When and if Drupal raises its PHP requirements to PHP 5.2 and above, it would be nice if the serialization of cached data was changed to use the json_encode(); and json_decode(); functions instead. These have a smaller data footprint when stored as a string, and should provide the same structural integrity that the serialize(); function does. There's even potential for a performance increase when encoding the data to a string from some of my own, simple findings.

Any thoughts as to pros and cons concerning this idea are welcome.

Comments

Susurrus’s picture

The PHP requirements for Drupal7 are PHP5.2, so json_* functions would be available.

Cache stored in the table is currently stored as binary data. I think this makes a lot of sense and is also much more compact than any string serialization. While this would be a good move if the cache was still serialized into a string, I don't think we should move from a binary storage method to any string-based storage method.

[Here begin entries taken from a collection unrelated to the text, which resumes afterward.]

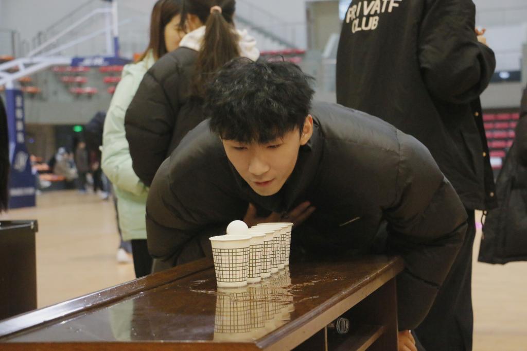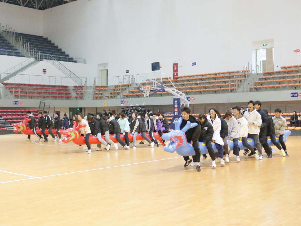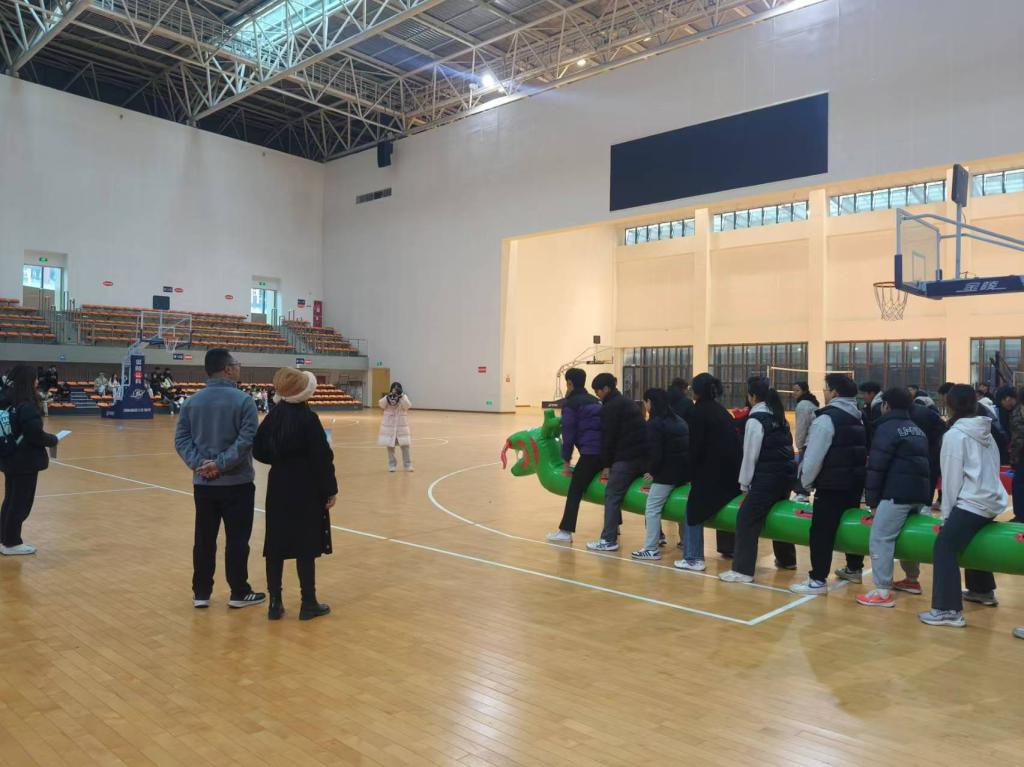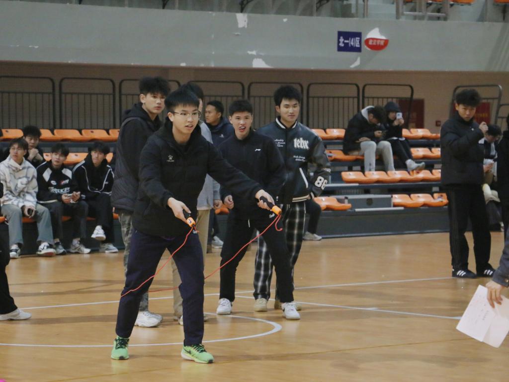 活动现场热闹非凡,欢笑声与加油声交织回荡。在团体项目“毛毛虫”和跳绳接力中,同学们配合默契,尽显团队精神。“毛毛虫”比赛里,各参赛小组的成员们步调一致,口号铿锵有力,齐心协力冲向终点,生动诠释了团结协作的强大力量。跳绳接力环节,选手们身姿矫健,跳绳在空中飞速旋转,队友间交接流畅,过程紧张刺激且有条不紊。个人项目翻山越岭和蒙眼击鼓亦是精彩纷呈。翻山越岭项目中,同学们凭借出色的身体协调性与平衡感,跨越重重障碍,展现出坚韧不拔的毅力与勇气。蒙眼击鼓则考验参与者的方向感与心理素质,他们蒙上双眼,在队友的引导下,坚定地迈向目标,敲响战鼓,现场的欢呼声与掌声此起彼伏。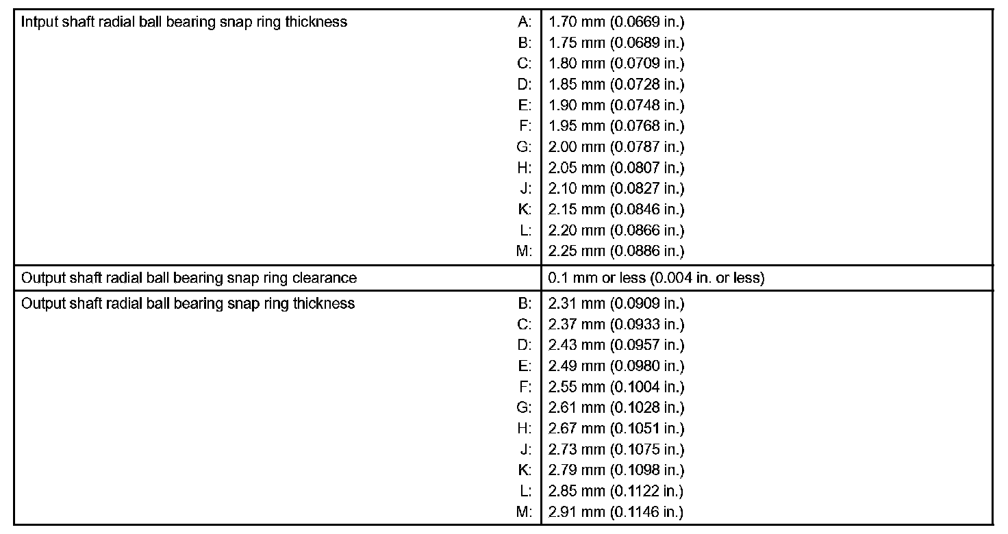 Manual Transmission/Transaxle - Service Data: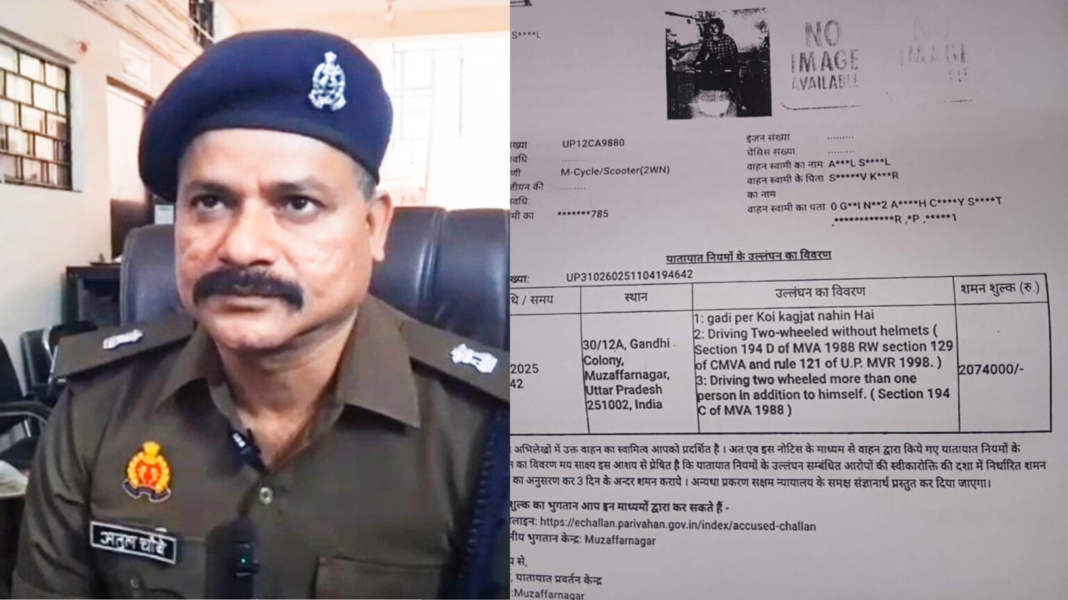 मुजफ्फरनगर की नई मंडी कोतवाली की गांधी कॉलोनी चौकी पुलिस ने UP12 CA 9880 नंबर की स्कूटी पर 20,74,000 रुपये का चालान काट दिया। बिना कागजात, हेलमेट और ड्राइविंग लाइसेंस के चेकिंग के दौरान पुलिस ने इस कारनामे को अंजाम दिया। सीज और वायरल हंगामा चालान के बाद स्कूटी सीज कर ली गई। मामला सोशल … Continue reading पुलिस ने स्कूटी का काटा ‘20 लाख’ का चालान! वायरल होते ही मचा हड़कंप, एसपी ने मानी ‘तकनीकी गलती’!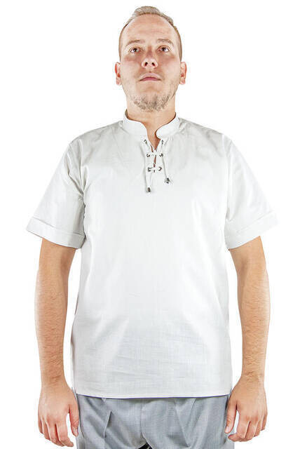 Richter Kragen Islamic Relaxed Fit Kurzarm Hajj Umrah Leinenhemd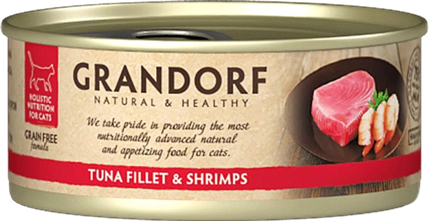 Состав: 45% филе тунца, 30% креветки, 25% собственный сок, 0% зерновых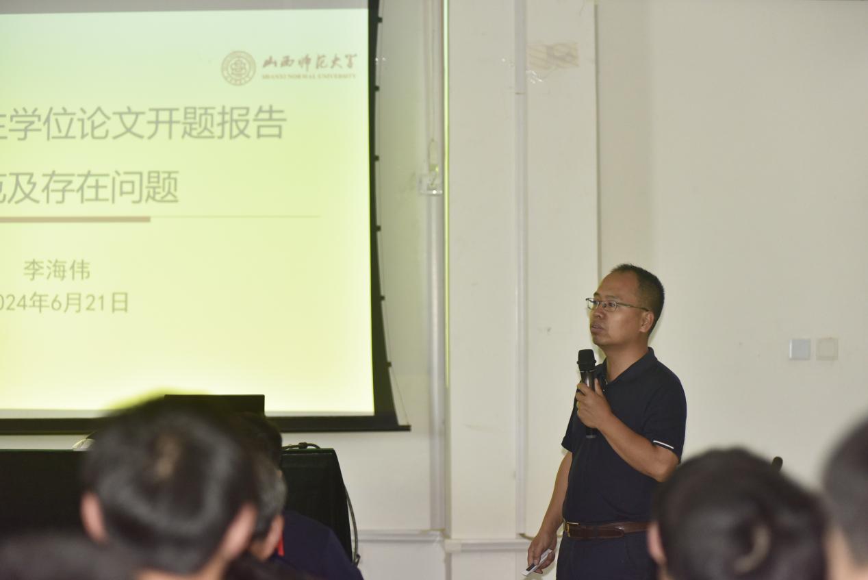 报告会上,李海伟教授首先讲述并展示了公司对研究生开题报告的具体格式要求,随后围绕开题报告的各个组成部分的写作要点及常见问题进行了详细的讲述。在选题依据方面,他强调选题依据的写作要遵循“漏斗型”写作思路,从大的环境、政策着手,落脚到研究的主题,确保能够支撑研究选题;在文献综述部分,要对核心概念进行界定,文献综述的框架要符合逻辑;在研究内容的表述上,尽量避免目录式的写作,要凝练研究内容,并保持与研究题目的适配性;研究方法要根据研究内容的设计,详细切实;最后对参考文献的格式规范和质量提出了要求。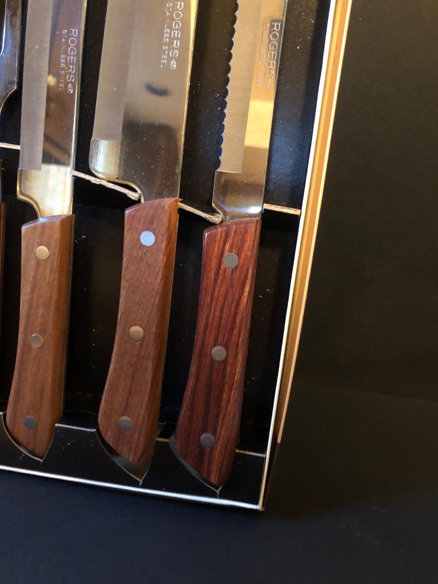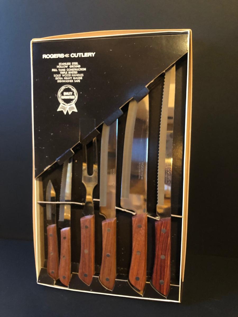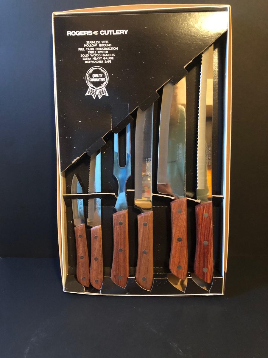 Features a Rogers Cutlery knife set in its original box. Knife set is made of stainless steel with wooden handles and features 7 pieces.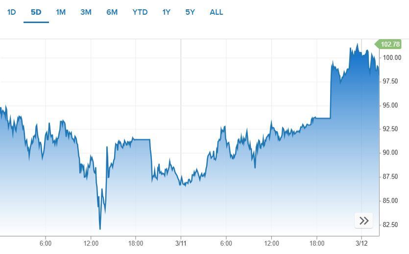 布伦特原油近5日走势 图片源自CNBC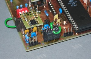 Die Testplatine ist jetzt um ein I2C-EEPROM ergänzt worden, um die nötige Speicherkapazität für den Bordcomputer bereit zu stellen. Später soll noch eine Porterweiterung hinzu kommen, um das Display anzusteuern und noch der Pegelwandler für die serielle Schnittstelle...

-1 if I've correctly understood all site caching to be in binary.

fractile81’s picture

Ah, I hadn't realized that the cache was stored as binary data in Drupal 7. I agree that binary data is the better route, and was requesting based off the Drupal 6 implementation (stored as a serialized string). Do you happen to have a link for the patch/issue this was added in?

dalin’s picture

Issue tags: +Performance

Even though the data is stored in a binary field in the cache table it's just a string. serialize() and unserialize() are know to be slow and are called several times to render most any page. Switching from serialize to json has the potential to make a nice performance improvement on both the PHP (the functions are faster) and SQL (data size is smaller) side.

dalin’s picture

Though JSON won't allow you to store objects that aren't stdClass. Wonder if that's a problem.

casey’s picture

http://php.net/json_decode seems to have problems with deep nesting. So looks to a non-option to me.

http://www.phpdevblog.net/2009/11/serialize-vs-var-export-vs-json-encode...
We could have a look at var_export(). But I am not so sure about nested arrays. And besides var_export() does not handle circular references.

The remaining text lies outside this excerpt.